Bastrop City Council asking for ideas to solve feral chicken population

Chickens in Bastrop are running wild and many people who live there say they are fed up.

The City held a meeting Wednesday to find solutions to the overpopulation problem.

A city official said the problem started when Bastrop built the convention center on farmland where the chickens used to roost. That pushed the chickens out into the neighborhood, so the city turned Farm Street into a chicken sanctuary, but the birds didn’t stay there either.

“There’s chickens all over town,” said Jane Campos who has lived in Bastrop for more than 50 years. On her street, which was declared a chicken sanctuary by the City of Bastrop, it’s normal for the big birds to run free.

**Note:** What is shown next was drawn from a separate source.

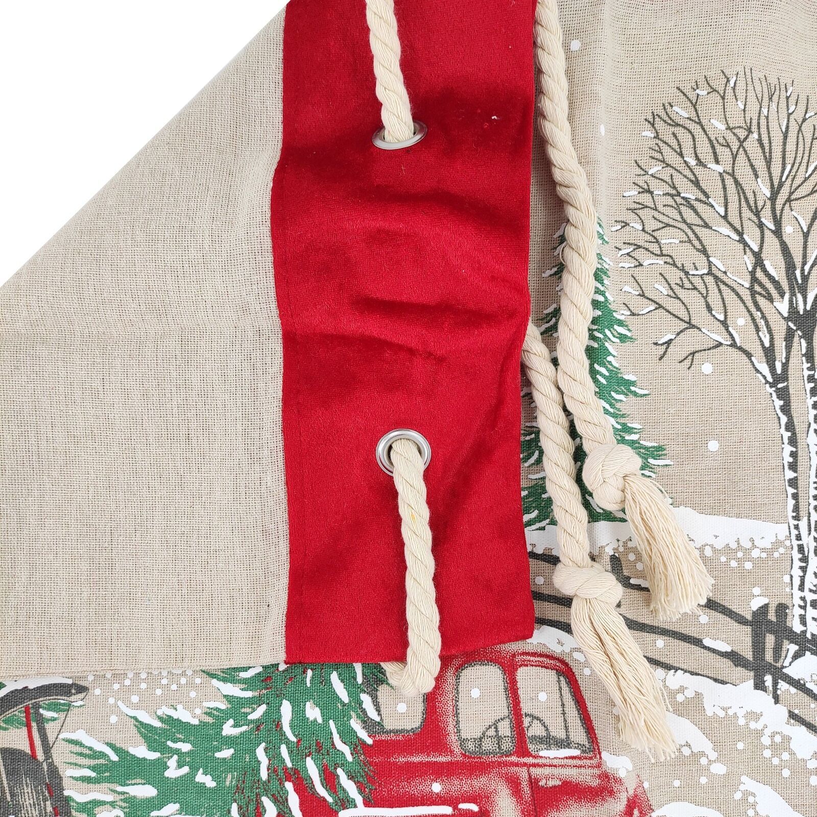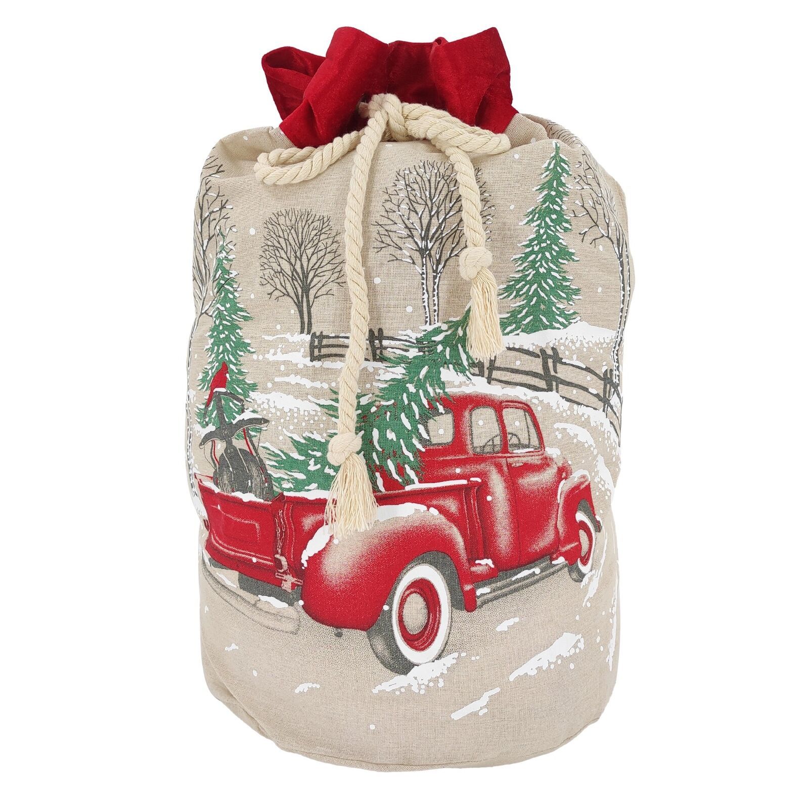 Natural ivory Burlap gift bag print with Red Truck With Christmas Tree and Snow and a coordinating drawstring cord closure. A drawstring closure keeps contents secure and hidden.

“This is part of Bastrop and part of the unique area that we live in,” Campos said.

The sanctuary is not fenced in and now feral chickens have multiplied and spread all over the city. “The folklore is that we actually have a sanctuary. When, if you actually think of the definition of a sanctuary, we neither have the resources or the habitat or the property or the maintenance or all the things that are actually needed for a sanctuary,” said Charlie Amos who lives just outside the sanctuary area.

The wild birds are causing a multitude of problems for people who live near Farm Street.

“It’s disturbing people’s sleep, they crow in the morning, crow in the evening, crow all day. They tear up the flower beds, they scratch up the mulch,” said Bastrop Animal Control and Code Enforcement Office Troy Walters.

“They’re out of control. They’re definitely a nuisance,” Amos said.

“People that don’t want them around there, you’re going to have to put chicken wire around your yards,” said Campos.

Walters said chickens outside of the sanctuary must be kept in a coup, but capturing the huge feral chicken population isn’t easy or productive at this point.

“I can trap a dozen, two dozen chickens. It takes a lot of energy and labor to do that. You can’t catch them. They run very fast, and when you do catch them, you drive around the corner and there’s a mother with her babies and they’re being replaced,” Walters said.

Wednesday, more than 60 people filled City Hall to discuss the problem with council members.

Council hoped someone in the meeting could recommend a better solution to control the chicken population. “Now that the problem is out of control and we have a lot of feral chickens out here, it’s going to take the cooperation of neighbors and the city to gradually reduce and eliminate the feral population or relocate them,” said Amos.

Campos said the chickens have just as much right to roam around Bastrop as the people there do and she likes having them around her home.

“The chickens eat bugs, they get rid of the bugs that are around here. The chickens lay eggs obviously, they live in harmony with the ecology,” Campos said.

However, even Campos agrees it’s possible to have too much of a good thing. “I don’t think we have a problem with chickens going extinct anytime soon, not around here,” said Amos.

Solutions suggested at Wednesday’s council meeting include restricting people from feeding the birds, starting a program for people to care for them and even removing Bastrop’s protected status for the chickens.